A batch of nominees for federal judgeships in California made it through their confirmation hearing today largely unscathed, possibly clearing a path for a dramatic increase in the number of Asian-Americans on the bench.
The nominees include one who would be the first Vietnamese American on a district court and two others who are second-generation Chinese Americans. Asian-Americans currently constitute less than 1 percent of the 876 judges on all federal courts, according to statistics compiled by Senate Democrats.
Their ethnicity was a point of celebration for the nominees, as they and members of the Senate Judiciary Committee told stories of parents who immigrated to the United States and worked their way to professional success.
Introducing Dolly Gee, a nominee for the Central District, Sen. Barbara Boxer (D-Calif.) described how Gee’s parents immigrated to California from southern China. Gee’s father was an aerospace engineer and her mother a garment worker. Gee’s mother, Boxer said, “never taught Dolly to sew because she did not want her daughter to have to stitch clothes for a living.”
Jacqueline Nguyen, who was born in Vietnam and who would also sit in the Central District, worked in her parents’ doughnut shops when she was in high school, said Sen. Dianne Feinstein (D-Calif.).
Edward Chen, who would be the first Asian-American judge in California’s Northern District, was part of the legal team that helped overturn the conviction of Fred Korematsu in the early 1980s. (Korematsu, the petitioner in the much-excoriated Supreme Court decision in 1944 that upheld internment camps for Japanese Americans, was convicted in 1942 of disobeying a military order to go to such a camp.)

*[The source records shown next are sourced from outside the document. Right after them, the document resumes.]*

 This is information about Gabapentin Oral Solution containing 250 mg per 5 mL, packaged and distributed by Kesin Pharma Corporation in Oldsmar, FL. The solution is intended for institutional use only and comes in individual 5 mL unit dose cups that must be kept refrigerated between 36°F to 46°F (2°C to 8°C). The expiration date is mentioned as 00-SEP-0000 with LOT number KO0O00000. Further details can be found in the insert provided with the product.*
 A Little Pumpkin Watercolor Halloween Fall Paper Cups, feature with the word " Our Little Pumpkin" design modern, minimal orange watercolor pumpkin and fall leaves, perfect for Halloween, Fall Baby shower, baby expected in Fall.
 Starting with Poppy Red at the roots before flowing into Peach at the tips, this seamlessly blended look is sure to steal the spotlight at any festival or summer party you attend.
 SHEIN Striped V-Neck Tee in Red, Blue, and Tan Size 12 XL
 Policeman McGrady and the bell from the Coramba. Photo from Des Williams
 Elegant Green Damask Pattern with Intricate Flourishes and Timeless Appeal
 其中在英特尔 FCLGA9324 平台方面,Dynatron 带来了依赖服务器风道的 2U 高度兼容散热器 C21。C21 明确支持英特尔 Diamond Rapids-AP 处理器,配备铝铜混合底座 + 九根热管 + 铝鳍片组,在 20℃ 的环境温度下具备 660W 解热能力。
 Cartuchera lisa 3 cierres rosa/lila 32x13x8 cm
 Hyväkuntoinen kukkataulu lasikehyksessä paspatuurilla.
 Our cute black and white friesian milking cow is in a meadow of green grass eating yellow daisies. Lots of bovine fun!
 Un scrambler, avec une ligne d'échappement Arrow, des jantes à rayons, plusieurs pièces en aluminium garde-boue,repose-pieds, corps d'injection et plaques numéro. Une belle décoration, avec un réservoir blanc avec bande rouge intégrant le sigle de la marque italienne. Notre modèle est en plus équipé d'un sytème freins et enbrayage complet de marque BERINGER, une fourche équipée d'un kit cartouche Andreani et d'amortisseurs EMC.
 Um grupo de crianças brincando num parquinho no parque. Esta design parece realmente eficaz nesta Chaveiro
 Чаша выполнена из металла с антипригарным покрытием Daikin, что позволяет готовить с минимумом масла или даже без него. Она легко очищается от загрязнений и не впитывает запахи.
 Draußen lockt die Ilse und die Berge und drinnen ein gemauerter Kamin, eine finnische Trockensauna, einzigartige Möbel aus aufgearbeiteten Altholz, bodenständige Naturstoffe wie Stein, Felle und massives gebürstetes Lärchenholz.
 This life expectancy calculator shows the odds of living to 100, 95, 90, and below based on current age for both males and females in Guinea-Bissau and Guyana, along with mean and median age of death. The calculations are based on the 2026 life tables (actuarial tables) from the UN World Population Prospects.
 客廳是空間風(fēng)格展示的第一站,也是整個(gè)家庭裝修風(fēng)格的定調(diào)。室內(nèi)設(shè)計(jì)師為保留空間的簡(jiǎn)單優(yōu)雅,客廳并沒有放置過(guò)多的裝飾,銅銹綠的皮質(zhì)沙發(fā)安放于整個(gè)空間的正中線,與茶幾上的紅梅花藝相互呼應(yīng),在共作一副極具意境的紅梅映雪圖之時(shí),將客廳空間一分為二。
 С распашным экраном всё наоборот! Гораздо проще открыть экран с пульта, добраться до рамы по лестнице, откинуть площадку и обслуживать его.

Asian-American legal groups praised the three nominations as significant progress in diversifying the federal judiciary. “Each nominee brings a unique personal life story that would inspire all Americans,” said a joint statement from the National Asian Pacific American Bar Association and the Asian American Justice Center.
In an echo of the debate that preceded the confirmation of Justice Sonia Sotomayor, the first Hispanic member of the U.S. Supreme Court, Sen. Jeff Sessions (R-Ala.) read aloud from a law review article that Chen once wrote about the impact of a judge’s personal background. Chen told the senator that he would decide cases based on evidence and the law, and Sessions did not press the point.

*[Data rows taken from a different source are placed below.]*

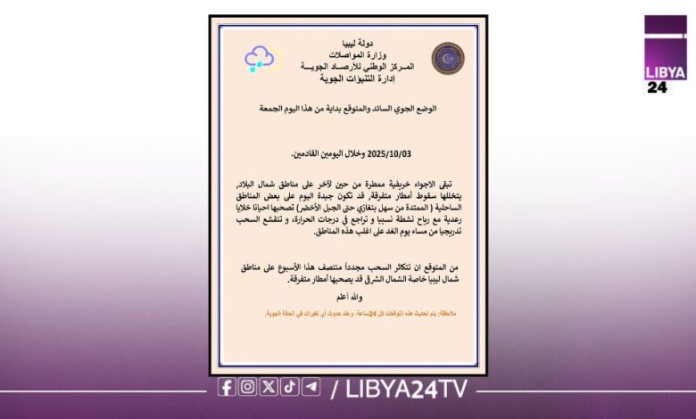 أكمل القراءة »ليبيا 24: توقع المركز الوطني للأرصاد الجوية بأن تظل الأجواء في شمال البلاد خريفية ممطرة من حين لآخر خلال اليومين…
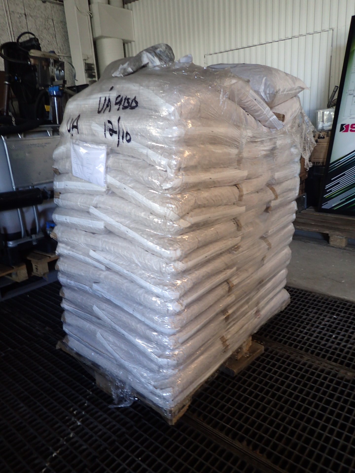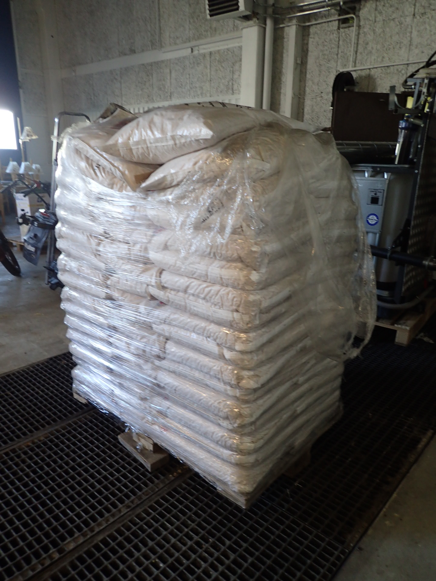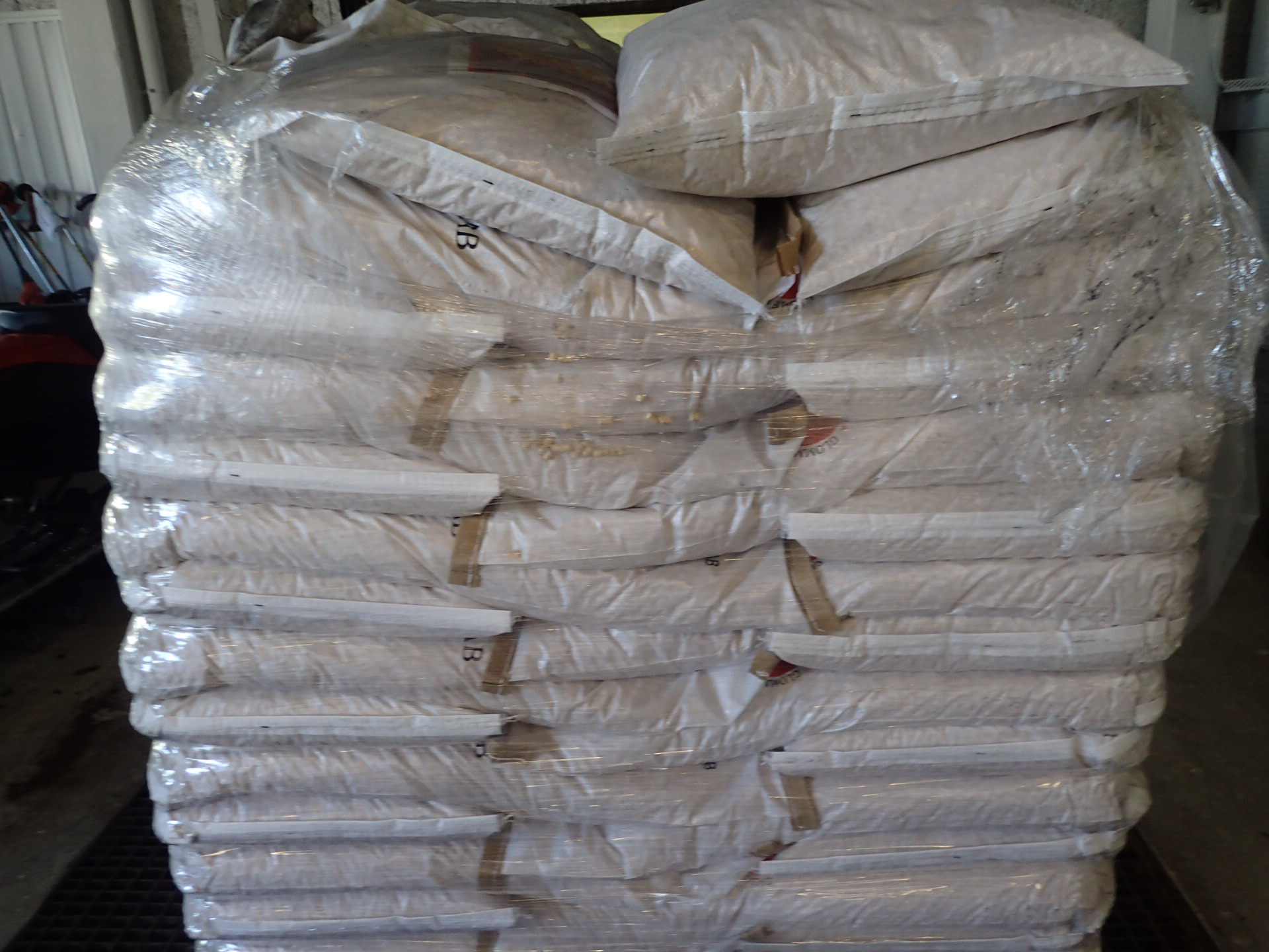 A pallet of about 48 bags of pellets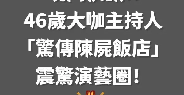 晚間快訊/46歲大咖主持人「驚傳陳屍飯店」震驚演藝圈!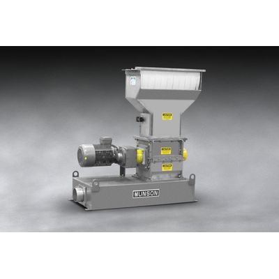 This Munson Model SCC-15-SS Screen Classifying Cutter with a double-width infeed hopper accommodates conveyor-feeding of irregular shapes and sizes of hard, soft and/or fibrous materials by gravity.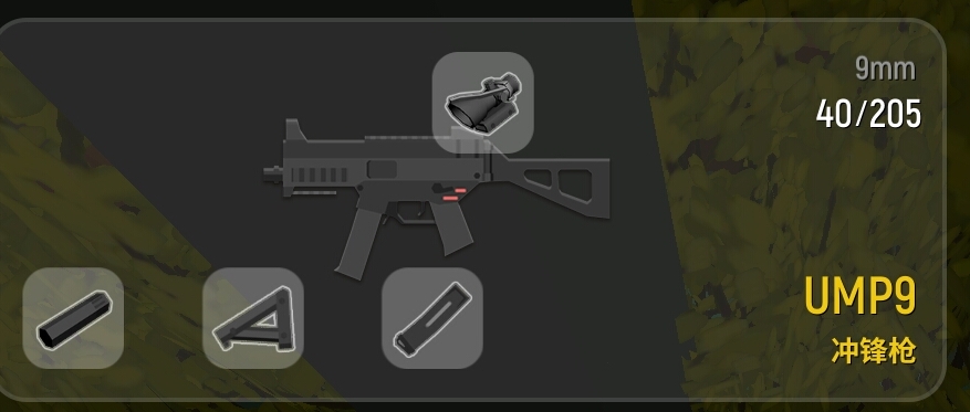 倍镜:2倍镜,4倍镜(可以选择红点或平息代替,这里要注意UMP9的倍镜最高只可装到4倍镜)

“These are able nominees who I believe have good integrity,” said Sessions, the Judiciary Committee’s top Republican.
The nominees also have varied professional backgrounds. Chen has been a magistrate judge in the Northern District since 2001 and previously spent 16 years as a staff lawyer for the American Civil Liberties Union. Gee, a partner at Schwartz, Steinsapir, Dohrmann & Sommers in Los Angeles, has been in private practice her entire career. Nguyen worked in the U.S. Attorney’s Office in Los Angeles, rising to deputy chief of the general crimes section, before becoming a Los Angeles Superior Court judge.
A fourth nominee who appeared today, Richard Seeborg, would sit in the Northern District of California. Seeborg, who is white, received less attention from committee members. Like Chen, he has been a magistrate judge since 2001. He previously was a partner at Morrison & Foerster and an assistant U.S. attorney.